Branson review – makes you wonder if Sir Richard’s risk-taking is really worth celebrating

Branson review – makes you wonder if Sir Richard’s risk-taking is really worth celebrating

This four-part documentary series profiles an existence in which the Virgin boss has repeatedly gambled his financial security – and even his life. Is that a good thing?

Richard Branson … a man who has consistently rolled the dice on new ventures.
Richard Branson … a man who has consistently rolled the dice on new ventures.
Photograph: Sky

Branson (Sky Documentaries), director Chris Smith’s four-part biography of Richard Branson, starts at the end. Or at least, it starts with Branson anticipating the end. It is the summer of 2021 and, in his lovely sprawling villa on his private island in the tax haven of the British Virgin Islands, Branson is preparing to take a trip into space. He is recording a video message for his loved ones, to be played in the event of him not making it in and out of the stratosphere alive. Articulating the bereavement that could befall his wife, children and grandchildren causes him to repeatedly break down in tears, spoiling the take.

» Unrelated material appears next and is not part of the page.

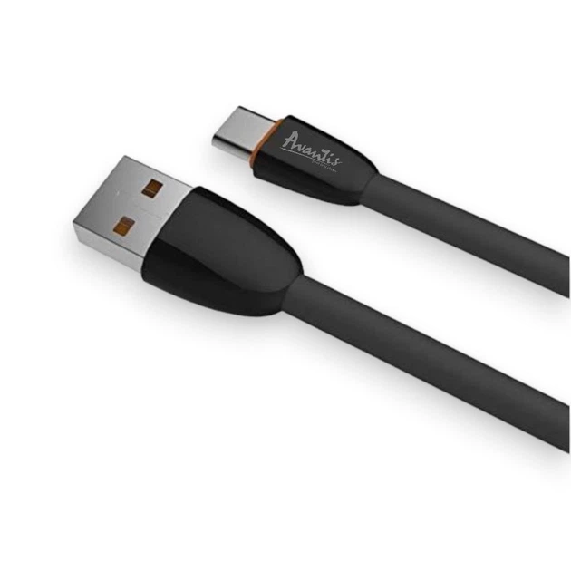 Кабель для зарядки Avantis USB - Type-C, 1м, 3.0А чорний, круглий силіконова оплетка

The sequence has significance beyond being an arrestingly intimate moment that looks good in a documentary. Branson, by reputation, is an inveterate risk-taker who has consistently rolled the dice on new ventures when he could have preserved what he already had. Here he is at 70, still risking everything, even his life. The opening episode of Smith’s series skilfully gives us room to wonder whether this is something to be celebrated.